Thermoelectric generator based on flexible conducting polymers and novel circuitry patterns printed on paper
Thermoelectric generator based on flexible conducting polymers and novel circuitry patterns printed on paper

A new generation of wearable thermoelectric generators could be a possibility thanks to a new proof-of-concept study by researchers at Georgia Institute of Technology. Their work, based on flexible conducting polymers and novel circuitry patterns printed on paper, has showed thermoelectric generators that can harvest energy from our body heat to power biosensors that measure factors such as heart rate and respiration, or even provide personal electric cooling.
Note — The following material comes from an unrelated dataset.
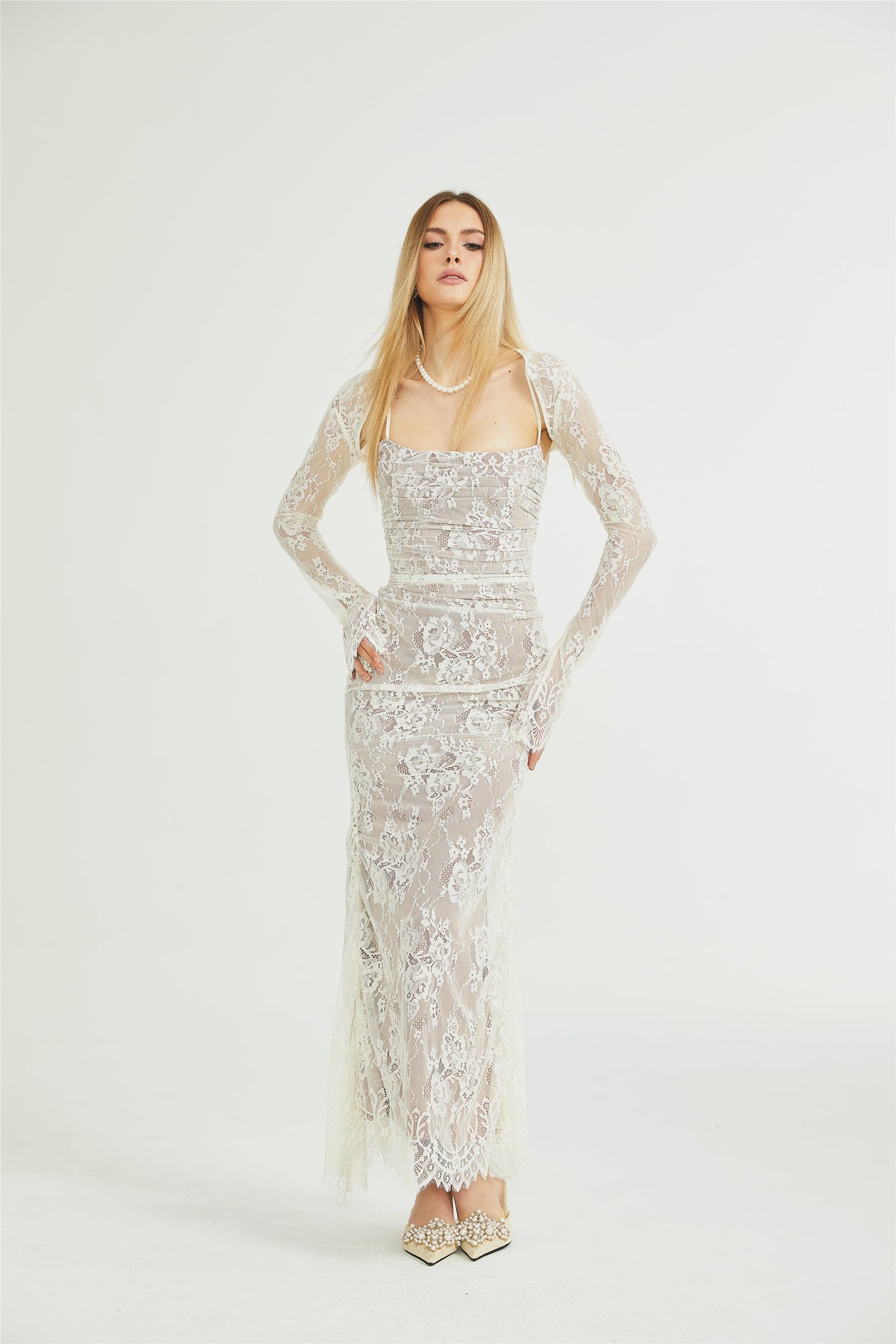 Valérie çiçekli dantel örgü maksi elbise

As described in the Journal of Applied Physics [Gordiz et al. J. Appl. Phys. (2017) DOI: 10.1063/1.4989589], due to their symmetrical fractal wiring patterns, such devices can be tailored to the required size to offer the voltage and power requirements for particular applications. The benefit of using thermoelectric generator, of course, is that heat is all around us, so if some thermal energy can be harnessed and converted it into electricity cheaply, it could provide a range of useful applications.

"We are actively working to demonstrate this concept with thermoelectric textiles"Shannon Yee

The team had previously developed a framework for evaluating cost-performance metrics of thermoelectrics, applying it to a suite of thermoelectric materials, including polymers. However, there are challenges in that polymers have a low electrical conductivity and low thermopower, and there are few air stable n-type thermoelectric polymers, so they instead developed organic thermoelectric materials and devices.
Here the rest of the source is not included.